The mean NVP plasma concentration in the study population was 9.41 μg/mL. NVP adherence is measured among stabilized patients as plasma NVP concentration greater than 10 μg/mL which is 10 times the in vitro IC50 for HIV (Desmond et al., 2015). Nevirapine plasma concentration ranged from 0.0824 to 34.1 μg/mL. Despite all participants having reached steady state and taking the same NVP dose (200 mg twice daily), high inter-individual variation in the NVP plasma concentration was still observed; suggesting that universal dosage for NVP in treatment of infectious diseases is not advisable. Notably, five participants (4%) had plasma NVP levels below the established plasma NVP minimum inhibitory concentration (3 μg/mL) and could be at an increased risk of developing drug resistance.

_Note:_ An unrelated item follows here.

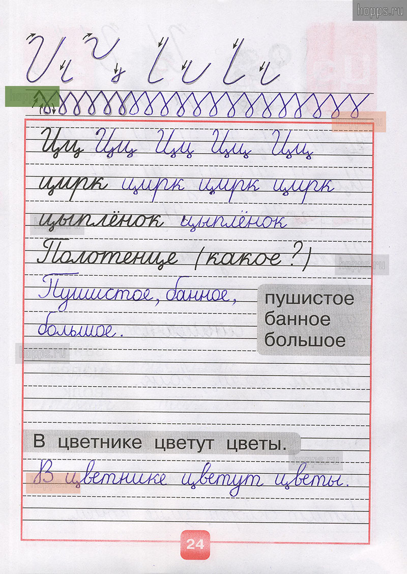 Подробные ответы к заданиям, расположенным на 24 странице 4 части прописей авторов В.Г. Горецкий, Н.А. Федосова для учащихся 1 класса.

CYP2B6, CYP1A2 genotypes, and NVP levels

Our data showed that CYP2B6 c.516T and 983C variants result in higher drug plasma levels for CYP2B6 substrate drugs. This argues well for the management of HIV with ART, because virological suppression is dependent on sustaining a higher drug plasma concentration. However, beyond certain drug plasma concentration, challenges of adverse drug effects start to emerge. Thus, identifying markers of drug pharmacokinetics, in this case, NVP plasma concentration could assist in promoting the use of appropriate dosages targeted to specific genotypes.

This study contributes to genetic characterization of Zimbabwean populations and determination of the effects of genetic variants on variability in NVP pharmacokinetics. If genotype-assisted dosing achieves the goal of reducing side effects, this will have a positive impact on adherence, thereby lowering the emergence of NVP resistance and treatment failure. In the present study, genetic variations in CYP2B6 gene (516T and 983C alleles) were studied in order to explore their potential role in NVP therapeutics.

The significant influence of CYP2B6 c.516G>T and CYP2B6 c.983T>C on NVP plasma concentration obtained in this study confirm reports for other populations (Dickinson et al., 2014; Rotger et al., 2005) and could assist in optimizing the efficacy of NVP use. The two CYP2B6 polymorphisms could be good candidate SNPs for a future pharmacogenomics diagnostic tool. However, seven individuals who had low NVP levels (predicted to be due to extensive CYP2B6 metabolism), were carrying either the CYP2B6 516T/T (n = 4) or the 983T/C (n = 3) genotypes. This suggests that other genes may play a role in NVP metabolism, if strict adherence to the treatment regimen can be assumed. It is worth noting that the individual with the lowest plasma NVP concentration (0.0824 μg/mL) had been on treatment for 72 months, despite carrying the CYP2B6 c.516T/T genotype. We strongly suspect that this is a result of non-adherence.

CYP1A2 genotype and CD4-cell count

We found a significant association between the CYP1A2 g.-163C>A SNP and CD4-cell count. The CYP1A2 g.-163A variant is associated with increased CYP1A2 expression, which translates into increased availability of the respective enzyme. In the presence of higher levels of CYP1A2 expression, the NVP plasma concentration is likely to be reduced, which supports virus perpetuation and therefore reduced CD4-cell counts as the virus targets CD4+ cells.

Our observation supports earlier findings by Parathyras et al. (2009), who reported two ABCB1 variants associated with improved CD4-cell recovery and functionality. The ABCB1 variants are associated with decreased ABCB1 efflux pump activity, which leads to higher drug concentration levels in cells. Given that CYP1A2 g.-163C variant is associated with lower CYP1A2 expression and therefore high NVP plasma concentration; it might be worth examining individuals with the CYP1A2 g.-163C variant for liver function and other adverse reactions associated with NVP treatment (Fauci and Folkers, 2012; Kappelhoff et al., 2005; Wattanakul et al., 2013). However, ALT expression levels and NVP plasma concentrations were not significantly associated with CYP1A2 g.-163C>A SNP.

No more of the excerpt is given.